RECORDED INFORMATION:
◆ ◆ ◆

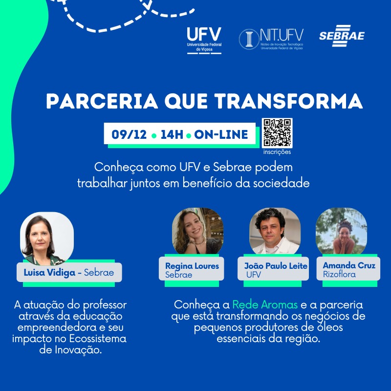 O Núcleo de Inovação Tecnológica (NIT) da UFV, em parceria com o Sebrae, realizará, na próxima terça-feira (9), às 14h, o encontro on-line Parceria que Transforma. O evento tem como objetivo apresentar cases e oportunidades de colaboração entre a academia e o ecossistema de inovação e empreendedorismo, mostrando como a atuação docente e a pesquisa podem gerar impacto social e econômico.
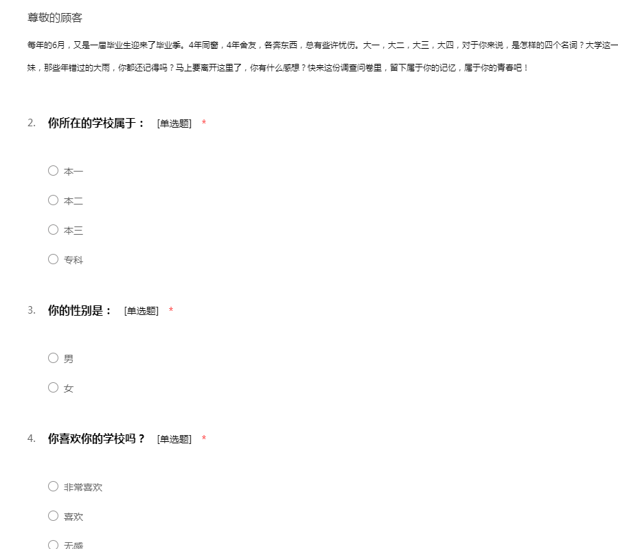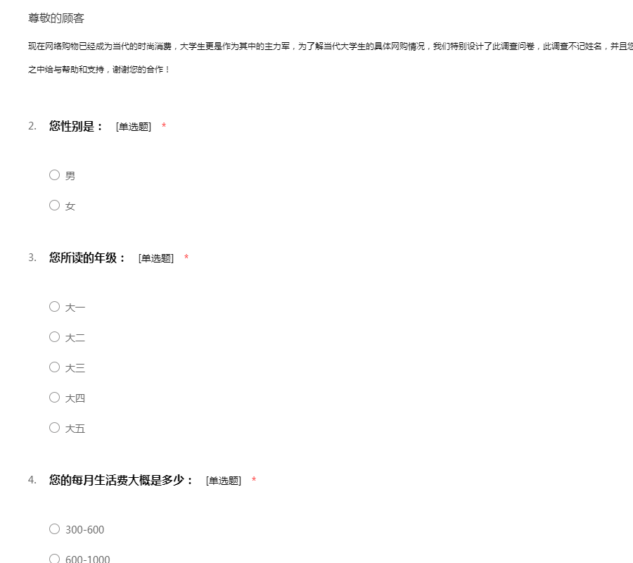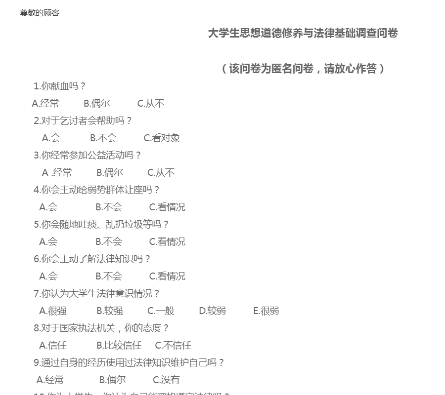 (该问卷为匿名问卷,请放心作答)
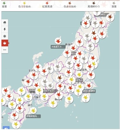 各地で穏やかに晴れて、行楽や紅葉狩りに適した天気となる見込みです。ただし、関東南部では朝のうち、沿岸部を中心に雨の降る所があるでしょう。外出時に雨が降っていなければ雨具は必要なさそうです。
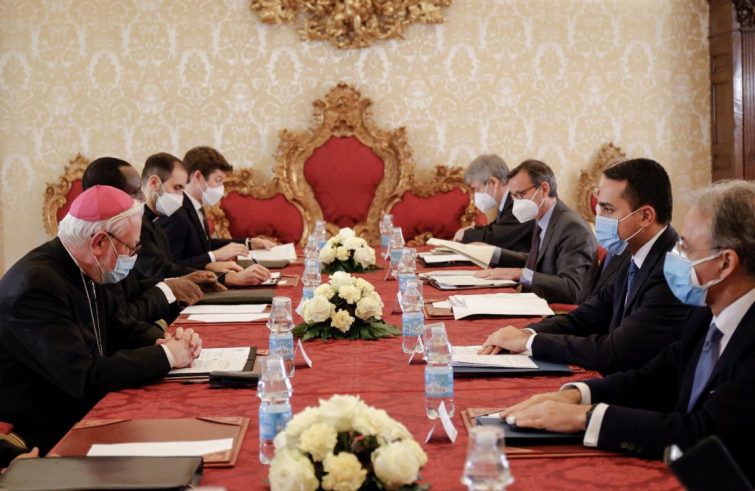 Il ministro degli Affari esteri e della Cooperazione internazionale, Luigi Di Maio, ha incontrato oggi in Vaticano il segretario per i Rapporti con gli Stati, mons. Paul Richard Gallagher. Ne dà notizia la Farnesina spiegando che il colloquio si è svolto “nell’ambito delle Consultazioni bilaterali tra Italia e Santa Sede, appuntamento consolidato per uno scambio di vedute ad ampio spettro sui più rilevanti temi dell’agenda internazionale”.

◆ ◆ ◆

EXERCISE GOAL: Leave the images out and output the remaining material exactly as it stands.

TASK ANSWER:
 O Núcleo de Inovação Tecnológica (NIT) da UFV, em parceria com o Sebrae, realizará, na próxima terça-feira (9), às 14h, o encontro on-line Parceria que Transforma. O evento tem como objetivo apresentar cases e oportunidades de colaboração entre a academia e o ecossistema de inovação e empreendedorismo, mostrando como a atuação docente e a pesquisa podem gerar impacto social e econômico.
 (该问卷为匿名问卷,请放心作答)
 各地で穏やかに晴れて、行楽や紅葉狩りに適した天気となる見込みです。ただし、関東南部では朝のうち、沿岸部を中心に雨の降る所があるでしょう。外出時に雨が降っていなければ雨具は必要なさそうです。
 Il ministro degli Affari esteri e della Cooperazione internazionale, Luigi Di Maio, ha incontrato oggi in Vaticano il segretario per i Rapporti con gli Stati, mons. Paul Richard Gallagher. Ne dà notizia la Farnesina spiegando che il colloquio si è svolto “nell’ambito delle Consultazioni bilaterali tra Italia e Santa Sede, appuntamento consolidato per uno scambio di vedute ad ampio spettro sui più rilevanti temi dell’agenda internazionale”.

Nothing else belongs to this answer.